Composed sometime between 300 BCE and 300 CE, the Mahabharata‘s 75,000 verses narrate the legendary battle between two branches of the Kuru clan of North India, the Pandavas and the Kauravas, and its aftermath. Storytellers in all of South Asia and far beyond have entertained and instructed through this greatest of epics for generations past. But, as the translator says in her introduction, they have generally ‘underra[ted] the high emotion, mythological inventiveness, metaphysical complexities, and conflicted characters that animate the last books [which]…tell a unified and self-bounded story of their own’.
In Book Fifteen (Ashramavasika, Living in the Hermitage) a wild-fire consumes Kunti, King Yudhishthira’s mother, and Dhritarashtra and Gandhari, the parents of the Kauravas, living out their final days in the forest. But did they die a meaningless death? Fate catches up with all, even gods, in Book Sixteen (Mausala, The Battle of the Clubs), when Lord Krishna embraces death and his Yadava clan is annihilated in a drunken brawl and an attack by bandits, in fulfilment of Gandhari’s curse.
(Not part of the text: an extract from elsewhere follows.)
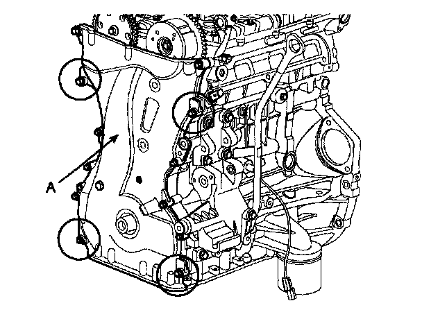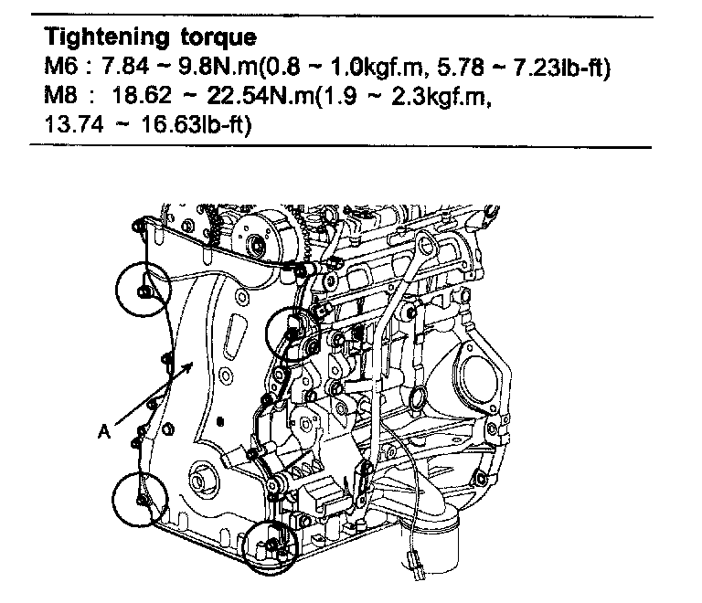 4) The dowel pins on the cylinder block and holes on the timing chain cover should be used as a reference in order to assemble the timing chain cover (A) to be in exact position.

It is time for the Pandavas to ascend to heaven, in Books Seventeen (Mahaprasthanika, The Great Departure) and Eighteen (Svargarohana, Climbing to Heaven), but not before Yudhishthira is tested by a dog, to ascertain his steadfastness in the moral law.
Bringing to bear her many years of study of the Mahabharata, Wendy Doniger renders the complex narrative in exceedingly lucid prose. The absorbing story and her masterful translation will appeal to the general reader and the scholar alike.